Please repeat, exactly and without pictures, the lines of the entries below that run from the one containing "Seen the Free" through the one containing "बाबा साहेव अंबेडकर".

• [RECORD SET]
*** Begin section ***

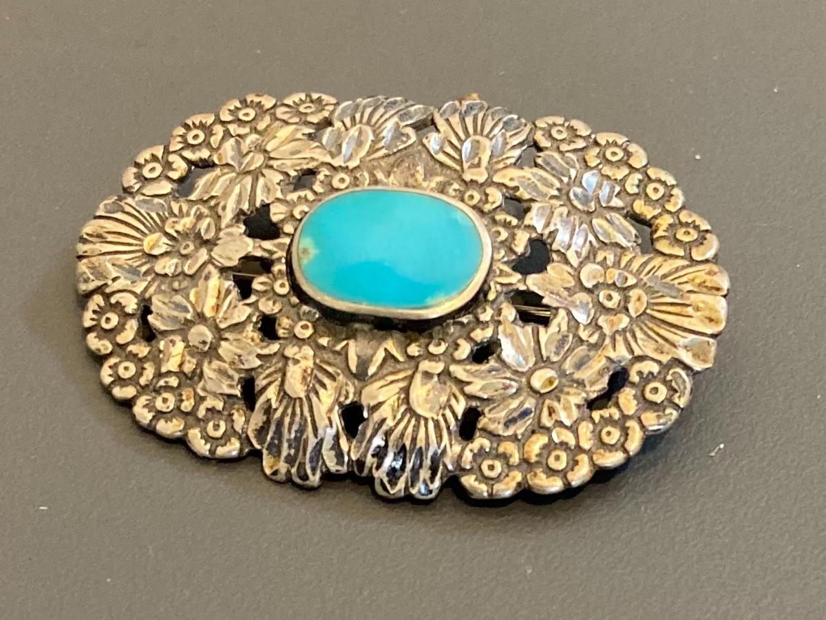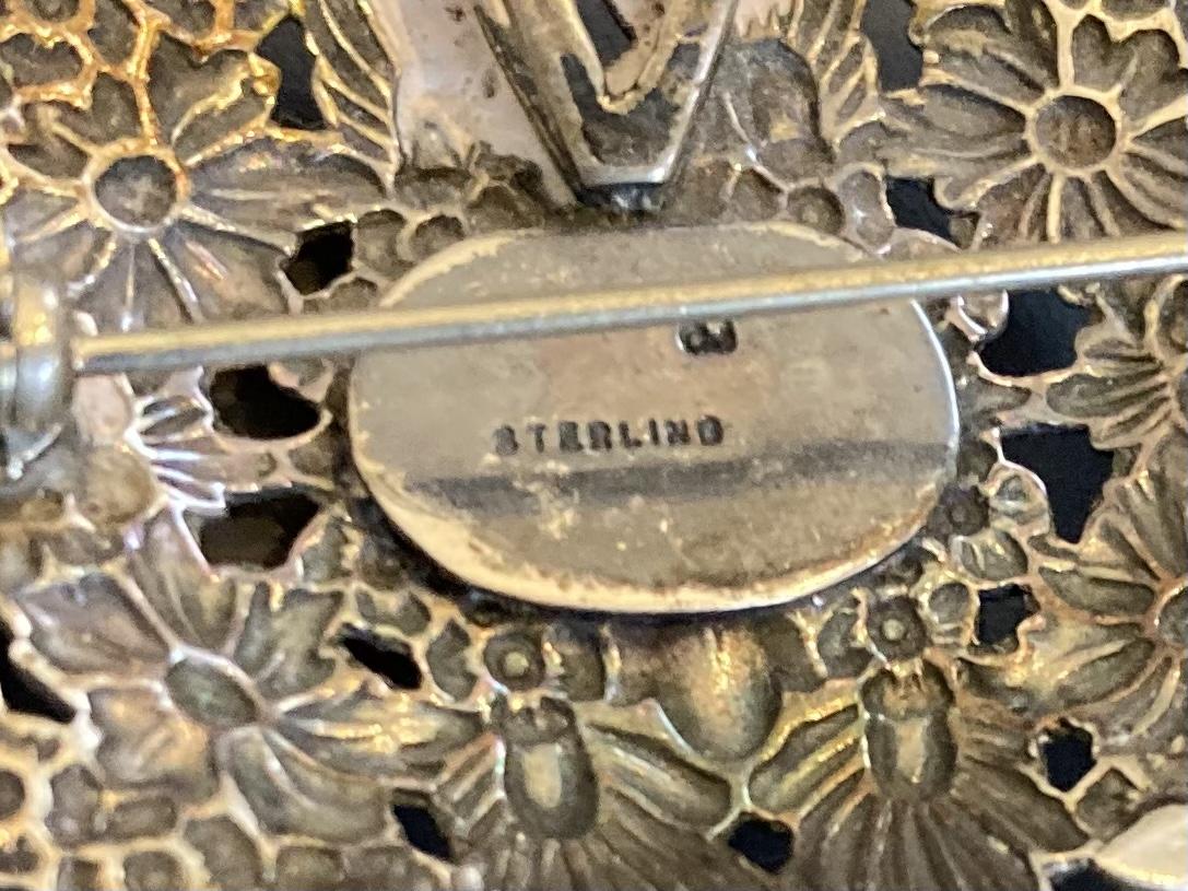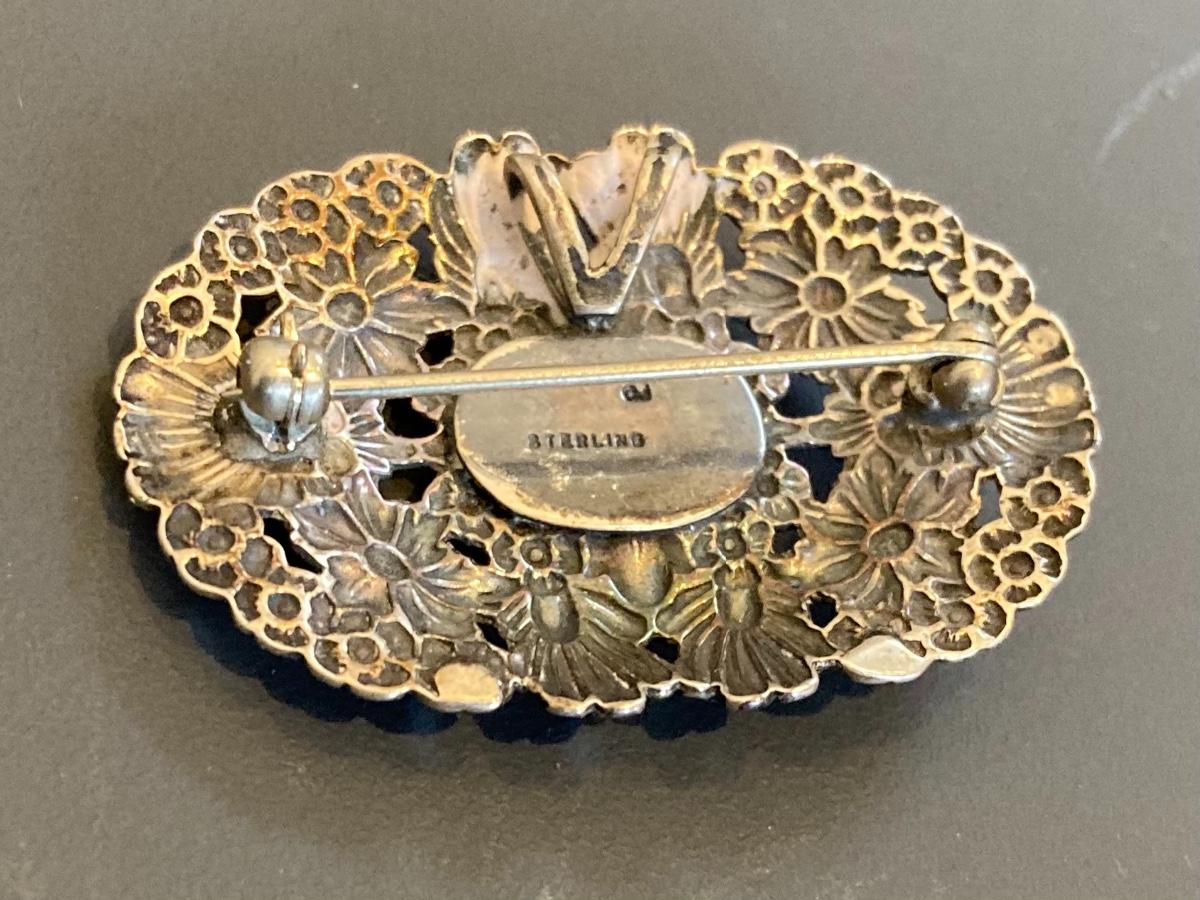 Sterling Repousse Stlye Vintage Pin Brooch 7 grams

*** End section ***
*** Begin section ***

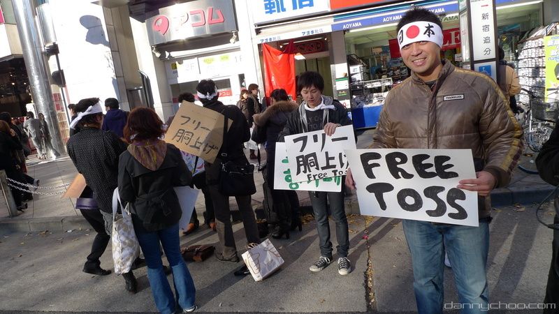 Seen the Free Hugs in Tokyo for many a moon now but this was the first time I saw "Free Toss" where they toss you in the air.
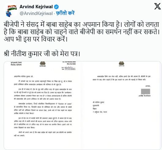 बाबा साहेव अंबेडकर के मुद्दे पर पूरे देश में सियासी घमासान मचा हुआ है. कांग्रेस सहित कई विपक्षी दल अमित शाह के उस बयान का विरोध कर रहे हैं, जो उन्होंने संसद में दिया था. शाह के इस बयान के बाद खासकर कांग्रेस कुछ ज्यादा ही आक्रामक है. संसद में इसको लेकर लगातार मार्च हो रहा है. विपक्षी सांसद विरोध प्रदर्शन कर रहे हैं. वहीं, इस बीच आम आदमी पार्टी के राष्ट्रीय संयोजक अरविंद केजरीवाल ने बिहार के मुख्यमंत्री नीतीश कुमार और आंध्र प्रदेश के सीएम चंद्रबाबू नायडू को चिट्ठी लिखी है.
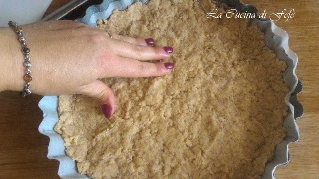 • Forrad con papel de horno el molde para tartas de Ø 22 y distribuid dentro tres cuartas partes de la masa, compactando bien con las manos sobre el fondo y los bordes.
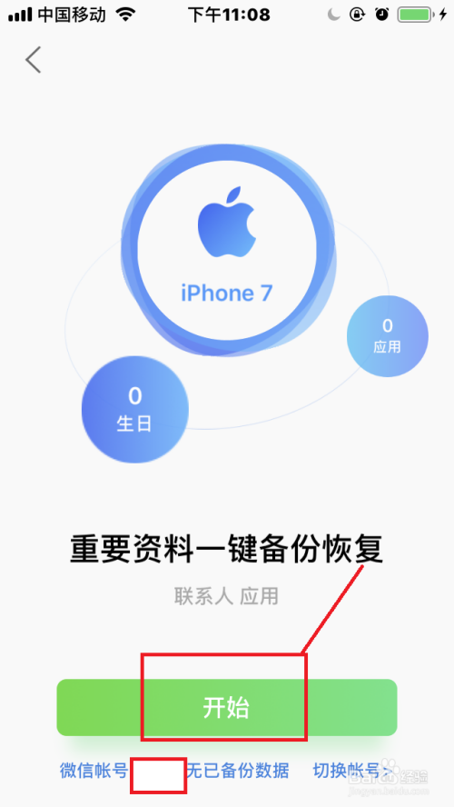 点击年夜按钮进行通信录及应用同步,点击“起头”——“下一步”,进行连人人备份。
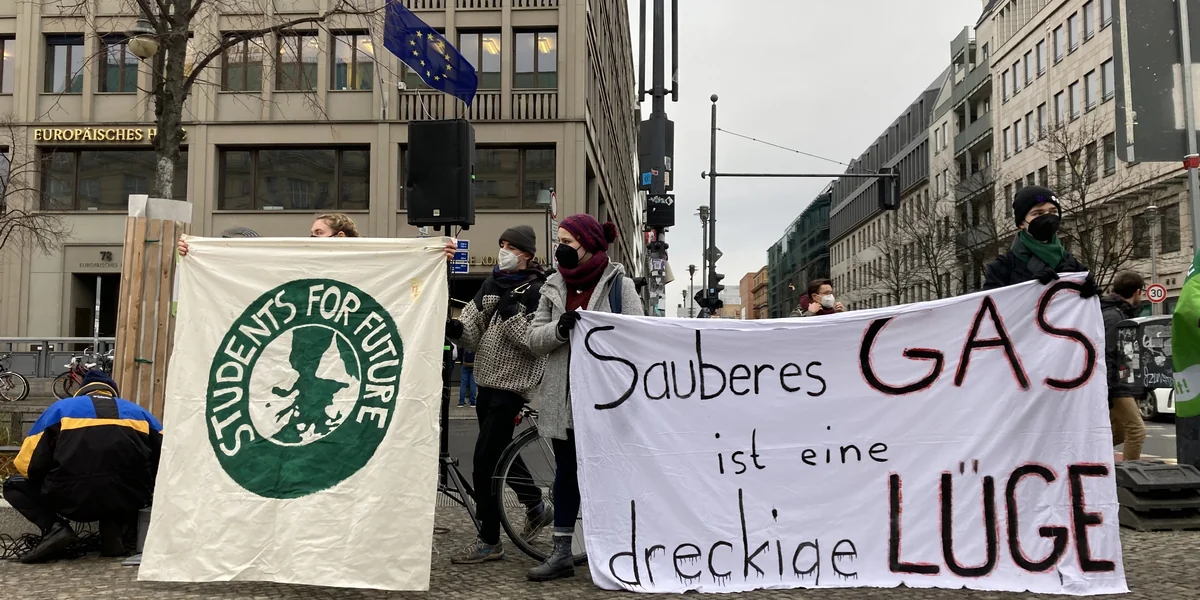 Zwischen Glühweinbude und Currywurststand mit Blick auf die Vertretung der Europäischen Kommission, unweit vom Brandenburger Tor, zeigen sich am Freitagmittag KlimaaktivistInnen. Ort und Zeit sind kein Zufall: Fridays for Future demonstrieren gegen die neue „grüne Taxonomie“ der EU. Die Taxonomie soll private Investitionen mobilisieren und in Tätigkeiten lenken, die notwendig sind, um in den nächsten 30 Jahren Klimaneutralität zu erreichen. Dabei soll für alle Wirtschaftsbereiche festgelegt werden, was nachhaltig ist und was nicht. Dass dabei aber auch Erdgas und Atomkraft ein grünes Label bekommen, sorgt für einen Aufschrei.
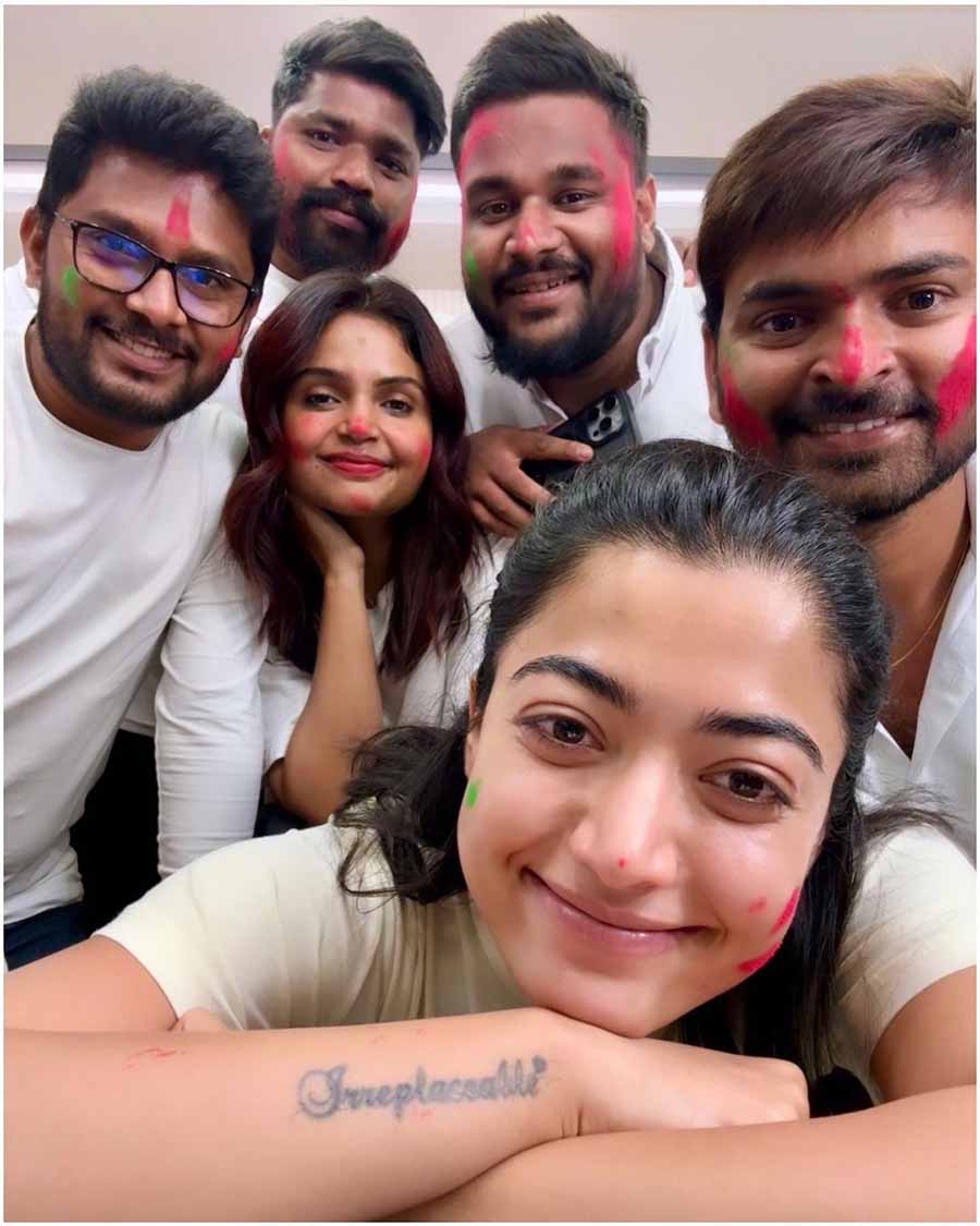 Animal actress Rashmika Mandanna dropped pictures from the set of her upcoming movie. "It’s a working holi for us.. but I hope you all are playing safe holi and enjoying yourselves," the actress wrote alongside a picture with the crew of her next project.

*** End section ***

• [RESULT OF THE TASK]
 Seen the Free Hugs in Tokyo for many a moon now but this was the first time I saw "Free Toss" where they toss you in the air.
 बाबा साहेव अंबेडकर के मुद्दे पर पूरे देश में सियासी घमासान मचा हुआ है. कांग्रेस सहित कई विपक्षी दल अमित शाह के उस बयान का विरोध कर रहे हैं, जो उन्होंने संसद में दिया था. शाह के इस बयान के बाद खासकर कांग्रेस कुछ ज्यादा ही आक्रामक है. संसद में इसको लेकर लगातार मार्च हो रहा है. विपक्षी सांसद विरोध प्रदर्शन कर रहे हैं. वहीं, इस बीच आम आदमी पार्टी के राष्ट्रीय संयोजक अरविंद केजरीवाल ने बिहार के मुख्यमंत्री नीतीश कुमार और आंध्र प्रदेश के सीएम चंद्रबाबू नायडू को चिट्ठी लिखी है.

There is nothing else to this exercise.